Anti-gay Phelps group sneaks into Canada
08.08.2008 3:39pm EDT
(Winnipeg, Manitoba) Members of an anti-gay group which describes itself as a church managed to enter Canada overnight despite a directive to border agents to bar them.
The Canwest News Service reports that the group, members of Rev. Fred Phelps’ Westboro Baptist Church in Topeka, removed all material that referred to the “church” from their vehicles and shipped them by courier to Winnipeg after the material was used to blocked them from another crossing into Manitoba on Thursday.The group announced earlier in the week it would picket the Winnipeg funeral of a man decapitated on a Greyhound bus. Another passenger is charged with the sensational killing.
The group says by protesting the funeral of Tim McLean it will show Canadians the murder was God’s response to liberal Canadian policies toward homosexuality.
Pat Martin a New Democratic Party member of Parliament from Winnipeg asked Public Safety Minister Stockwell Day to send an alert to the border patrol to look out “for people with signs and pamphlets that fit the hateful messages that the church promotes and to keep them out of the country.”
Canadian hate laws give the government the power to deny entry to people likely to violate the law. The so-called church was listed as a hate group under the law following previous protests.
Shirley Phelps-Roper, Phelps’ daughter and a frequent spokesperson for the “church” confirmed to Canwest that a group of followers had successfully entered the country overnight.
Earlier she had warned that the group would “cross in another spot. They’ll have to strip search everyone who crosses that border or they won’t know who we are. They’ll have to see the WBC [Westboro Baptist Church] tattoo on our butts.”
In addition to the threatened protest at the McLean funeral the group had said it would demonstrate in Toronto where a satirical play titled “The Pastor Phelps Project.” is being performed. No members of the church showed up for the demonstration which had been planned for Thursday evening.
Westboro Baptist members frequently demonstrate at funerals for American servicemembers killed in Iraq. The group claims the deaths are God’s punishment on America for being too pro-gay.
Westboro’s members are made up mostly of Phelps’ relatives. Although it professes to be Baptist it is not affiliated with any national Baptist group.
Westboro operates Web sites including GodHatesFags and GodHatesAmerica and has been described as a cult.

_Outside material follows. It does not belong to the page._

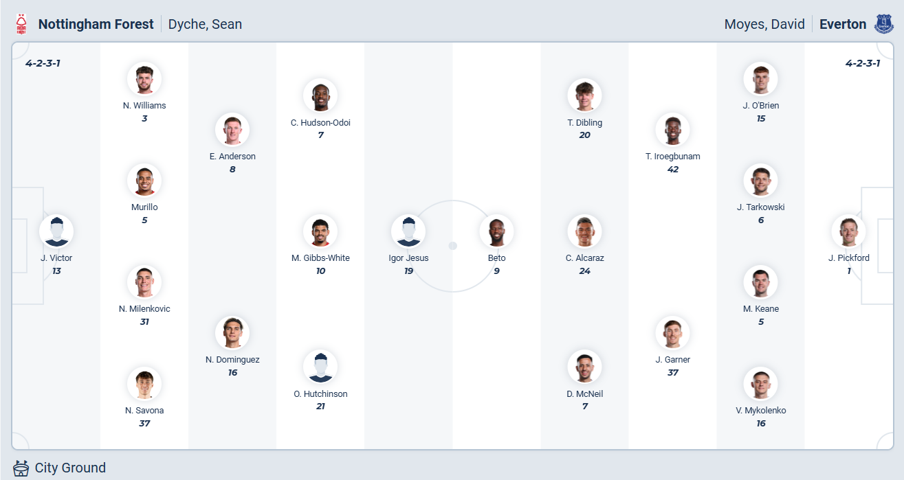 Nottingham khởi đầu mùa giải năm nay vô cùng tệ hại và từng nằm trong nhóm cuối bảng, HLV Sean Dyche đến và đội bóng này đã lầm tốt hơn. Nhưng họ mới để thua 2 cả 2 vòng gần nhất thua 3/4 trận gần nhất, kết quả đó khiến họ tụt xuống vị trí thứ 17 trên bảng xếp hạng. Rõ ràng HLV Sean Dyche vẫn còn nhiều việc phải làm để giúp Nottingham trụ hạng mùa này và họ cần một kết quả tốt ở vòng đấu thứ 19 này để tích lũy điểm số. Tuy nhiên Everton chưa bao giờ là đối thủ dễ chơi, nhiều khả năng Nottingham sẽ chỉ có được một kết quả hòa ở trận đấu này.
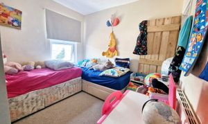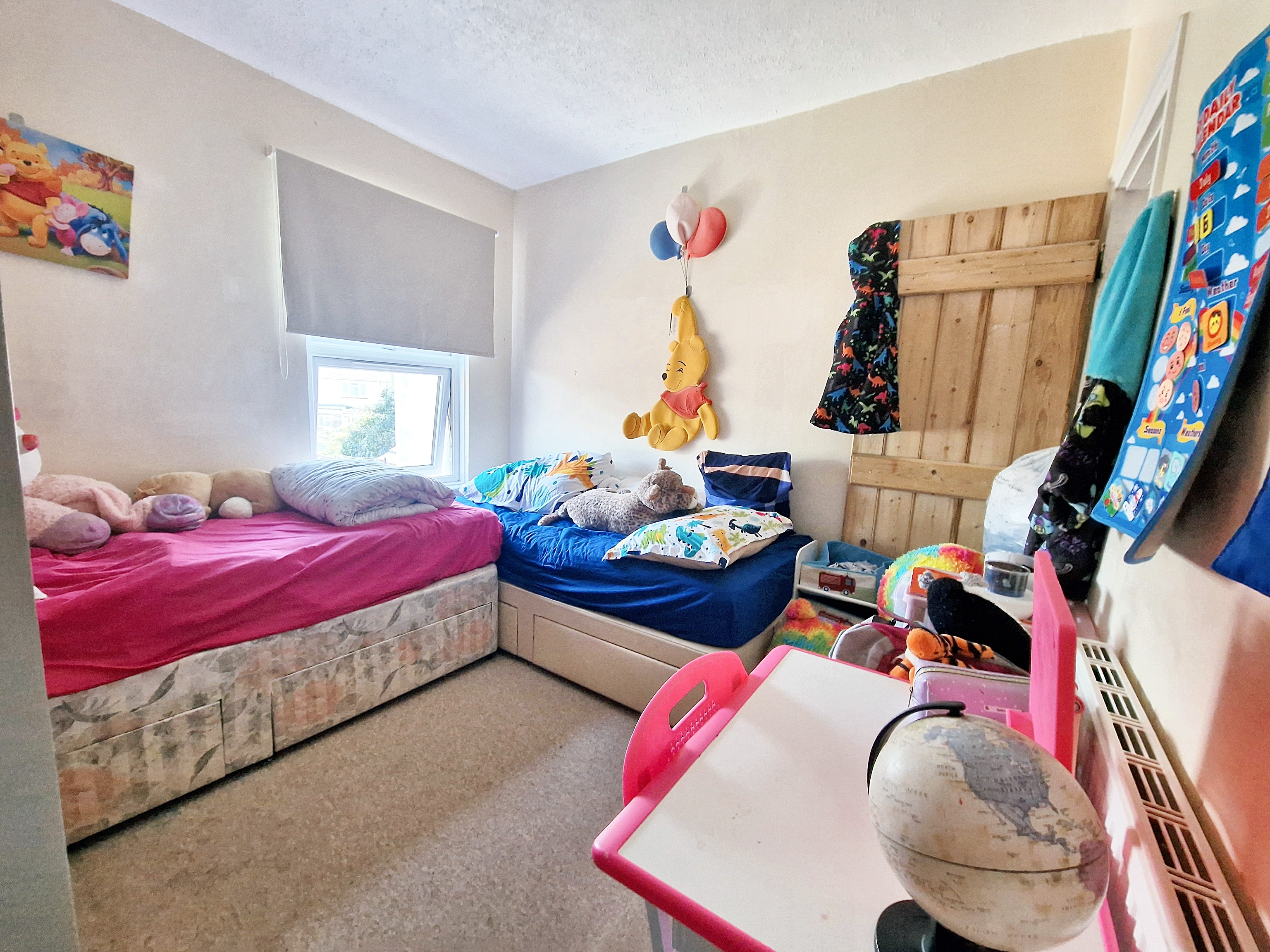 Bedroom 2: with carpet to floor, cupboard over stairs, 2.92m x 3.37m at max

Phelps and the church first came to national attention when he organized a protest by his followers outside the 1998 funeral for Matthew Shepherd, the gay college student who was beaten to death in Wyoming. The killing, Phelps’ protest, and the reaction of townsfolk led to the play “The Laramie Project.”
Church members routinely demonstrate at the funerals of people with AIDS and most recently at the funerals of soldiers killed in Iraq.